Dataset records
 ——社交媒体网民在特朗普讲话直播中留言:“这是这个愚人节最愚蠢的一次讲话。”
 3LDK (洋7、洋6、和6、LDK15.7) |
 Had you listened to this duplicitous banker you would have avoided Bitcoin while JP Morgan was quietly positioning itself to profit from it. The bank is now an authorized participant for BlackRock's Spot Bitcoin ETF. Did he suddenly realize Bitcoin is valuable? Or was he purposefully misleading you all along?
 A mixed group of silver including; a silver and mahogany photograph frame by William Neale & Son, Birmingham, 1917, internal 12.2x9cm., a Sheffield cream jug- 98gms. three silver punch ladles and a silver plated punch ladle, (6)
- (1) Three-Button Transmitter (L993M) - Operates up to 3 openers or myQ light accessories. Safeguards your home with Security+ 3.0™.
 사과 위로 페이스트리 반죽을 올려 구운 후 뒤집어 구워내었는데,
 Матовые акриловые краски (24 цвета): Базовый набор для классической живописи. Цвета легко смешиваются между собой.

==

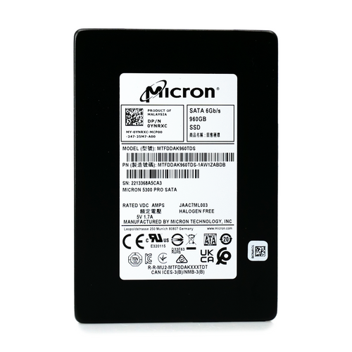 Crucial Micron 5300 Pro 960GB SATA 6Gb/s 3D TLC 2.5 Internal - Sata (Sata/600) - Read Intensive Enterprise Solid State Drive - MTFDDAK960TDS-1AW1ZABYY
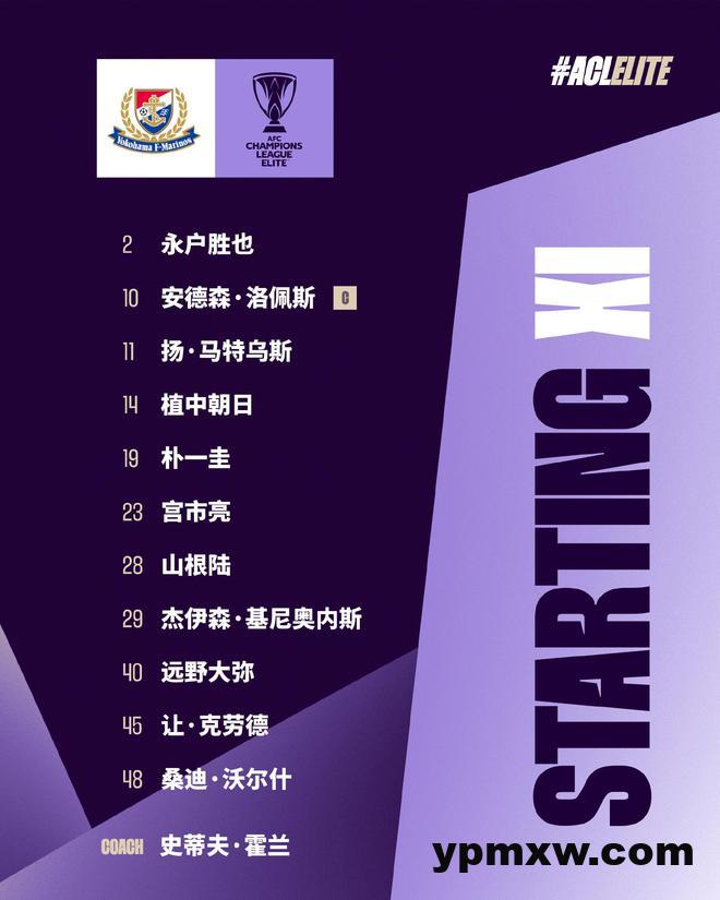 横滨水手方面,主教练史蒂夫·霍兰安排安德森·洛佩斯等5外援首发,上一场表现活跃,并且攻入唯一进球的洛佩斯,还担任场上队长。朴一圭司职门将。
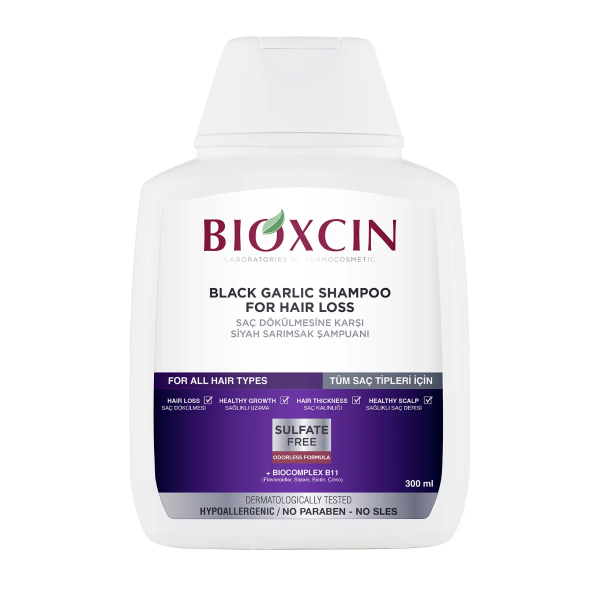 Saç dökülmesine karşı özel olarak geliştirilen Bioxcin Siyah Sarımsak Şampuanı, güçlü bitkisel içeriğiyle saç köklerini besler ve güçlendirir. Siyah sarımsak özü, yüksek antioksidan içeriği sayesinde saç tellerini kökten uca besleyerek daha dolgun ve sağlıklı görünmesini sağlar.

--

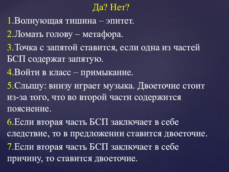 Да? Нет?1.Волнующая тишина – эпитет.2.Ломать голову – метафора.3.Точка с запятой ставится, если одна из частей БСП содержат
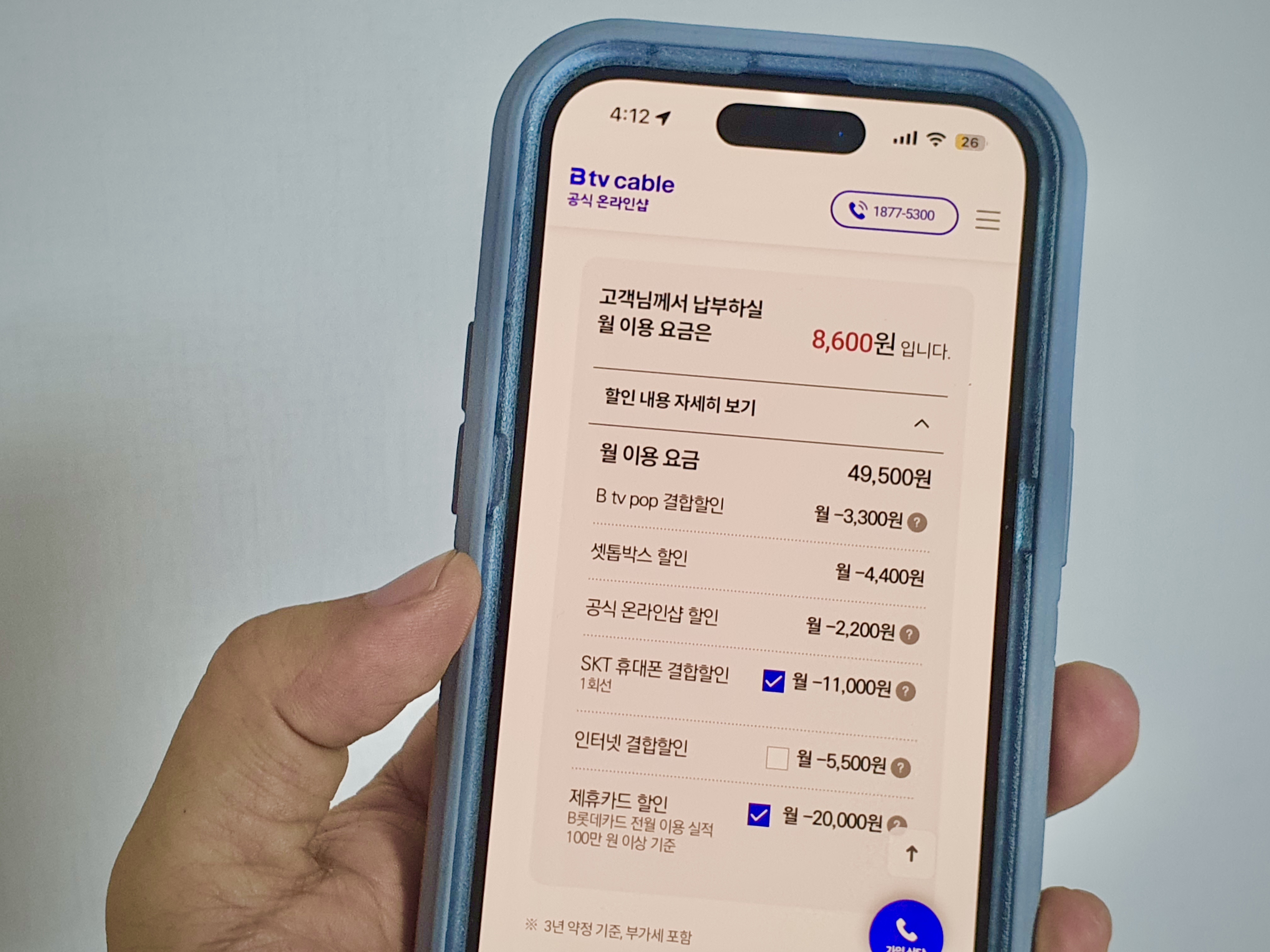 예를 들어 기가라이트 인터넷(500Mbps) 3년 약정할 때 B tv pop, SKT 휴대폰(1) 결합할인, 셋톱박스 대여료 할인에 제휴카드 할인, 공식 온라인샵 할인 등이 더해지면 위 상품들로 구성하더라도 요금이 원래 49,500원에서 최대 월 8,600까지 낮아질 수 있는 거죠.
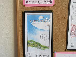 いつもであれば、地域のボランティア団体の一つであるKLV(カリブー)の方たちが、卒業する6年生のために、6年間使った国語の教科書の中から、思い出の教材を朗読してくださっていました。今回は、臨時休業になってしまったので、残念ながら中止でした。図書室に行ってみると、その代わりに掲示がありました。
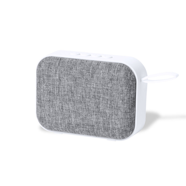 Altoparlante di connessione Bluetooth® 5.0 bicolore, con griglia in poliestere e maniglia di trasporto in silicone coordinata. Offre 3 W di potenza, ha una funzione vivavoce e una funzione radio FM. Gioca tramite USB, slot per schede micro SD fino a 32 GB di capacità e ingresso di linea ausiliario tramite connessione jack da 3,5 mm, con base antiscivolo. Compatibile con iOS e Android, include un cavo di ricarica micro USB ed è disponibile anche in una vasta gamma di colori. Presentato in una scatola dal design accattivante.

Work to complete
Reproduce, exactly and only, the lines of the records above starting at the line with "横滨水手方面,主教练史蒂夫·" and ending at the line with "Saç dökülmesine karşı", both included. Leave every picture out.

Task solution
 横滨水手方面,主教练史蒂夫·霍兰安排安德森·洛佩斯等5外援首发,上一场表现活跃,并且攻入唯一进球的洛佩斯,还担任场上队长。朴一圭司职门将。
 Saç dökülmesine karşı özel olarak geliştirilen Bioxcin Siyah Sarımsak Şampuanı, güçlü bitkisel içeriğiyle saç köklerini besler ve güçlendirir. Siyah sarımsak özü, yüksek antioksidan içeriği sayesinde saç tellerini kökten uca besleyerek daha dolgun ve sağlıklı görünmesini sağlar.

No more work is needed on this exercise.